As shown in Fig. 3, this comprehensive search yielded 26 results from PubMed, 29 from Wanfang Data, and 146 from CNKI. To ensure data integrity and relevance, we meticulously refined the dataset. We initially excluded 22 duplicate results, followed by the elimination of 70 results that did not pertain to case studies. In addition, according to the inclusion and exclusion criteria, 108 articles were excluded. Subsequently, we selected 23 articles that met our inclusion criteria. From these articles, we synthesized a dataset comprising 1437 cases of Haff disease associated with crayfish consumption in China spanning the years 2000 to 2020(Table 3).

Fig. 3

Identification of studies via databases and registers

Table 3 Outbreaks of Haff disease after eating crayfish

In China, the onset of Haff disease due to crayfish consumption was initially observed in Beijing in 2000. Subsequently, there was a recurrence of cases in Nanjing in 2010, followed by incidences reported in various regions, including Jiangsu, Hebei, Shanghai, Anhui, Hubei, Guangdong, and Hong Kong over the subsequent decade. As depicted in Fig. 4, the majority of cases were concentrated in the middle and lower reaches of the Yangtze River Basin. Notably, the crayfish implicated in the Guangdong incident were traced back to the Yangtze River basin.

Fig. 4

The provinces of China where Haff disease caused by crayfish has been reported from 2000 to 2020

Causes of Haff disease were reported almost every year from 2010 to 2020, with outbreaks concentrated in the summer and a significant higher number of female patients than male patients. As shown in Fig. 5, the age distribution of patients ranged from 4 to 70 years old. As shown in Table 4, almost all patients had abnormal muscle pain (96.4%), and some patients showed changes in urine color (10.9%), abdominal pain (15.4%) and chest pain (26.6%).

Fig. 5

Patient’s age gender and symptom chart

Table 4 Symptoms and incidence rate of Haff disease

It shows clearly that the number of cases increased significantly in 2016, and there are studies that point out that the outbreak was related to the flooding that occurred in the Yangtze River basin in 2016 (Fig. 6). For example, during 2016 and 2017 in Tongling, Anhui Province, it was found that the number of cases decreased greatly in 2017. An outbreak of Haff disease also occurred in Wuhan, Hubei in 2014. These cases indicates that the outbreak may be related to flooding [24, 25].

Fig. 6

Number of Haff disease in three main province from 2013 to 2017

Li identified an aggregated outbreak of Haff disease in the Yangtze River in 2016, notably in Nanjing, Jiangsu Province, Wuhu, Anhui Province, and Maanshan, Anhui Province [28]. They determined that consuming crayfish roe and alcohol were risk factors for the disease, with a higher consumption of crayfish roe significantly increasing the risk.

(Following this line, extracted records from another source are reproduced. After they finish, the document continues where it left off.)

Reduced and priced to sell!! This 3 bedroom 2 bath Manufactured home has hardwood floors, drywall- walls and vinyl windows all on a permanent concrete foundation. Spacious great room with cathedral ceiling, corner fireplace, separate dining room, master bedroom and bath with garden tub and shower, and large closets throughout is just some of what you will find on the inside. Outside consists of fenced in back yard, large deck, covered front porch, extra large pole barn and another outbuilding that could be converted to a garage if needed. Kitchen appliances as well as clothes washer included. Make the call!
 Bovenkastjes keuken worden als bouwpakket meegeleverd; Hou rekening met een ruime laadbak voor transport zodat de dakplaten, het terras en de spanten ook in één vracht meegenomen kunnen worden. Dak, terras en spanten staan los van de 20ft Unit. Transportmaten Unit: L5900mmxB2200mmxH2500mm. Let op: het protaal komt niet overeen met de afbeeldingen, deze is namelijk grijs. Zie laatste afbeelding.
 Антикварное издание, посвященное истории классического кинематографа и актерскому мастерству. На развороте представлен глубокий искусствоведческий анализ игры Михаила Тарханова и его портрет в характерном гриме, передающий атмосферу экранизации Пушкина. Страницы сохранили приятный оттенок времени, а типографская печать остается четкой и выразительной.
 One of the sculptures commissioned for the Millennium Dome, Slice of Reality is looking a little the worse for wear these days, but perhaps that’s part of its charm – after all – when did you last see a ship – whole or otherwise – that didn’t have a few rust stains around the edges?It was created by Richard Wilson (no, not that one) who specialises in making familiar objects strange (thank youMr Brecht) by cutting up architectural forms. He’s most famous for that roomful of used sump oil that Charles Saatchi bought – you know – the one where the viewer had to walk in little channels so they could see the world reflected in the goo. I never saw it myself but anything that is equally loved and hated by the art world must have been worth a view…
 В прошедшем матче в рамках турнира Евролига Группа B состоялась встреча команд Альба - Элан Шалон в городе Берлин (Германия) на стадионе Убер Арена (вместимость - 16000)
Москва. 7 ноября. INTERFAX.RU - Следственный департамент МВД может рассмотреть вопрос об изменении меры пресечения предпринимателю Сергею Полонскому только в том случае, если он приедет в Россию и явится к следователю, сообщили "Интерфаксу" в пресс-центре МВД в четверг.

In 2016, an outbreak of Haff disease occurred in Guangdong Province. Huang conducted investigations and mouse experiments and revealed that the disease-causing crayfish originated from the Yangtze River [31]. Only 18.9% of patients consumed crayfish meat alone, while others consumed various crayfish parts. Animal experiments corroborated epidemiological findings, indicating variability in infectivity among individuals.

Zha studied Haff disease cases in Maanshan city, Anhui Province, in 2016. They found that a small percentage of crayfish came from farms (5%), while the majority were either wild-caught (79%) or suspected to be wild-caught (16%) [24]. Additionally, consuming more than ten crayfish significantly increased the risk of Haff disease.

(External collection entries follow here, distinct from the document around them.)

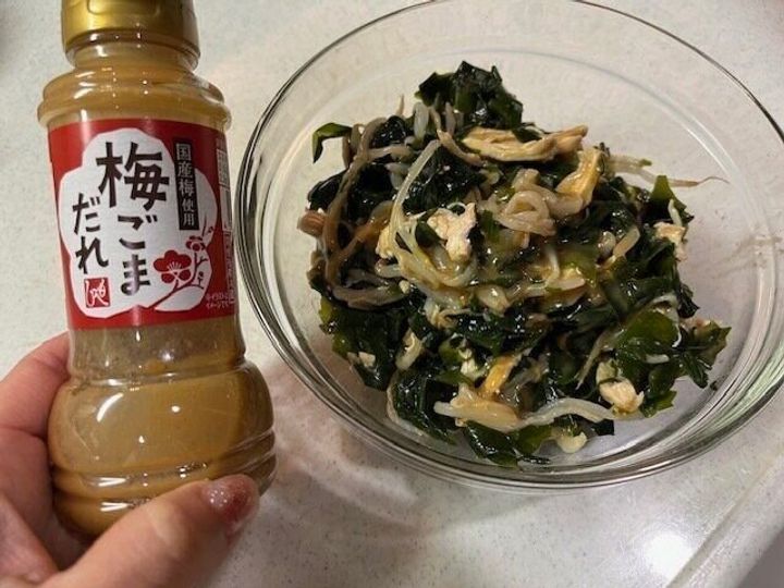 鶏胸肉、わかめ、もやしを茹でてこちらの「梅ごまだれ」で和えました。
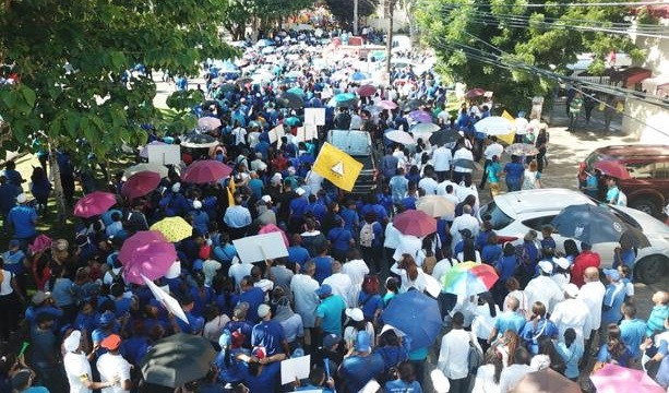 La marcha estuvo encabezada por Senen Caba, presidente del CMD, respaldada por Miguel Surun Hernández, presidente del CARD, directivos de la ADP, el diputado Pedro Botello y representantes de otros gremios profesionales y técnicos.
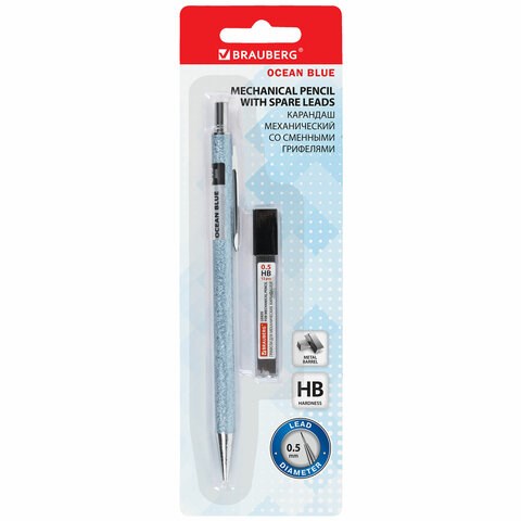 Карандаш механический 0,5 мм + грифели HB 12 штук на блистере, BRAUBERG "OCEAN BLUE", 181970
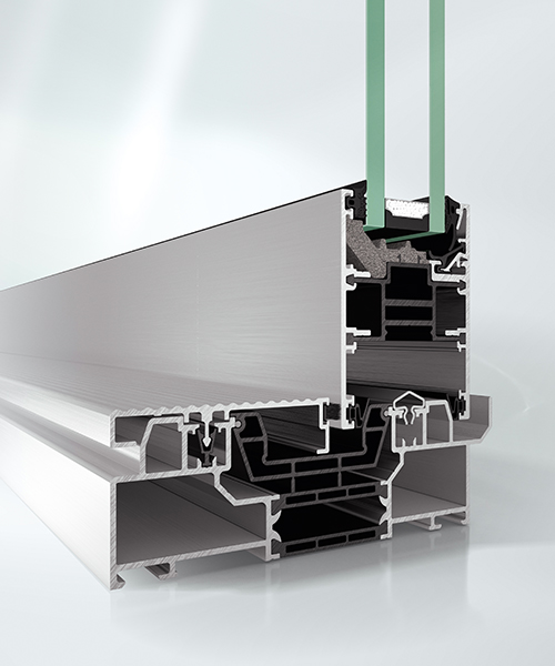 Das Schüco Schiebe- und Hebeschiebesystem ASE 80.HI verbindet die Vorteile des Werkstoffes Aluminium mit zukunftsweisender Wärmedämmung auf Passivhausniveau für nachhaltige Architektur.
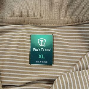 Pro Tour Men's XL 3 Button Golf Polo. Gold/ White Stripe. Arm Logo..............
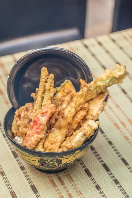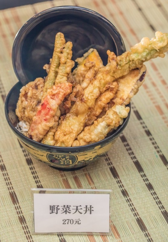 首先這一碗就是野菜天丼(270元,份),內容就是以蔬菜為主,包括四季豆搭配香菇茄子,還有玉米筍南瓜跟舞茸,加上秋葵蘆筍跟甜椒
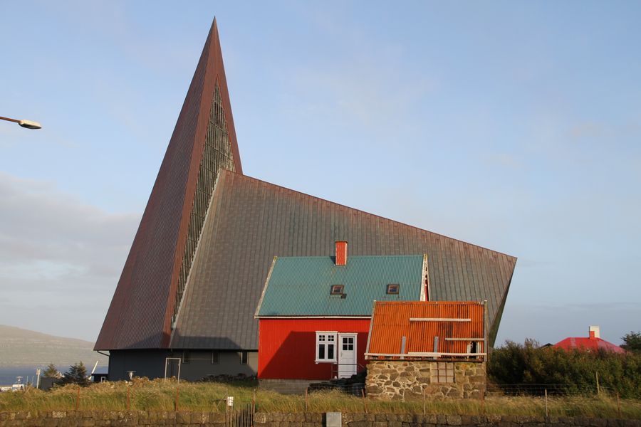 Photo taken on Aug. 19, 2013 shows a Faroe-style church in Torshavn, Faroe Islands. The Faroe Islands are an island group and archipelago under the sovereignty of the Kingdom of Denmark, situated between the Norwegian Sea and the North Atlantic Ocean. (Xinhua/Yang Jingzhong)

Li investigated Haff disease cases in Hubei Province from 2013 to 2017 [23]. They discovered that the number of confirmed cases exceeded the number of reported cases in the Hubei Foodborne Disease Surveillance System, suggesting potential underreporting or limitations in the surveillance system.

Pei analyzed Haff disease outbreaks in Wuhan, Hubei Province, Maanshan, Anhui Province, in 2019, and in Guangzhou, Guangdong Province, in 2020 [30]. The majority the crayfish processed at home (82.22%), and most of the crayfish had an unknown origin (71.11%), with 92.31% of crayfish with clear origins originating from wild catches. Their case-control study highlighted that consuming crayfish roe significantly increased the risk of RM, and each additional crayfish consumed escalated the risk.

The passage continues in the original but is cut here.